Retype only what runs from the beginning of the data through the line with "Sukankan Blog Galeri"; please omit the pictures and keep every line exact.

> [Dataset section]
--------------------------------------------------

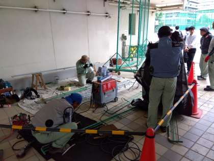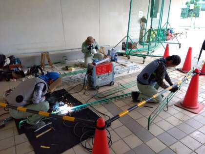 今日から営繕・園芸事務所の営繕班が防球ネットの修理(溶接・塗装)のため来校しています。監視をしながら、策を設けたり、覆いをして溶接の光が見えないようにしたりして、安全に配慮していますが、生徒の皆さんも作業がスムーズにできるよう協力をお願いします。
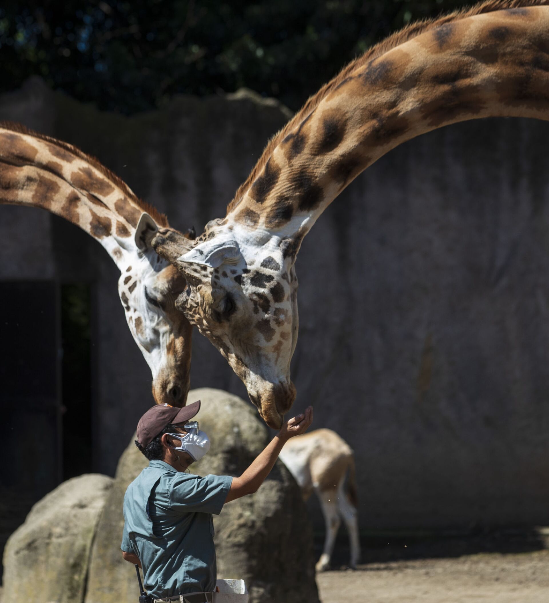 بدأت "معركة الجودو" اللطيفة، باستخدام الزرافات لأعناقها العملاقة لضرب أجساد بعضها البعض.
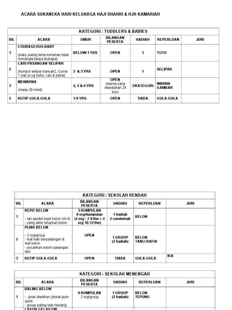 Sukankan Blog Galeri Hari Keluarga Contoh Senarai Acara Sukaneka from 1.bp.blogspot.com Check spelling or type a new query. Jenis acara sukaneka hari keluarga. Maybe you would like to learn more about one of these? We did not find results for:
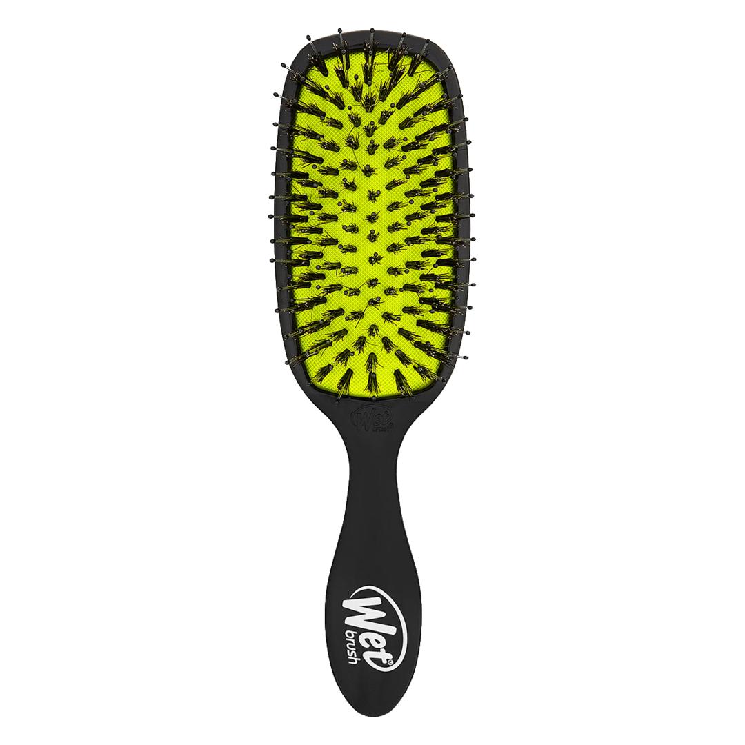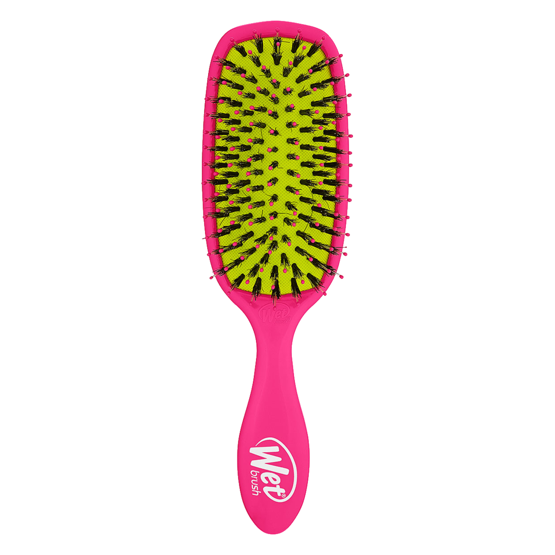 Wet Brush is the No.1 Brand most used and recommended by stylists, it gently detangles your hair bringing out its natural shine. The award-winning design contains 100% natural boar bristles that remove impurties, reduce frizz and distribute your natural oils for a shiny, vibrant and smooth finish. If you're looking to reduce fall out and split ends, the Wet Brush Shine Enhancer's ultra-soft intelliflex bristles glide through your hair with 56% less force to help you reduce breakage by 45%. Remove your tangles with ease and without tugging thanks to the Wet Brush Shine Enhancer's boar bristles that allow for 55% easier brushing.

--------------------------------------------------

> [Task output]
 今日から営繕・園芸事務所の営繕班が防球ネットの修理(溶接・塗装)のため来校しています。監視をしながら、策を設けたり、覆いをして溶接の光が見えないようにしたりして、安全に配慮していますが、生徒の皆さんも作業がスムーズにできるよう協力をお願いします。
 بدأت "معركة الجودو" اللطيفة، باستخدام الزرافات لأعناقها العملاقة لضرب أجساد بعضها البعض.
 Sukankan Blog Galeri Hari Keluarga Contoh Senarai Acara Sukaneka from 1.bp.blogspot.com Check spelling or type a new query. Jenis acara sukaneka hari keluarga. Maybe you would like to learn more about one of these? We did not find results for:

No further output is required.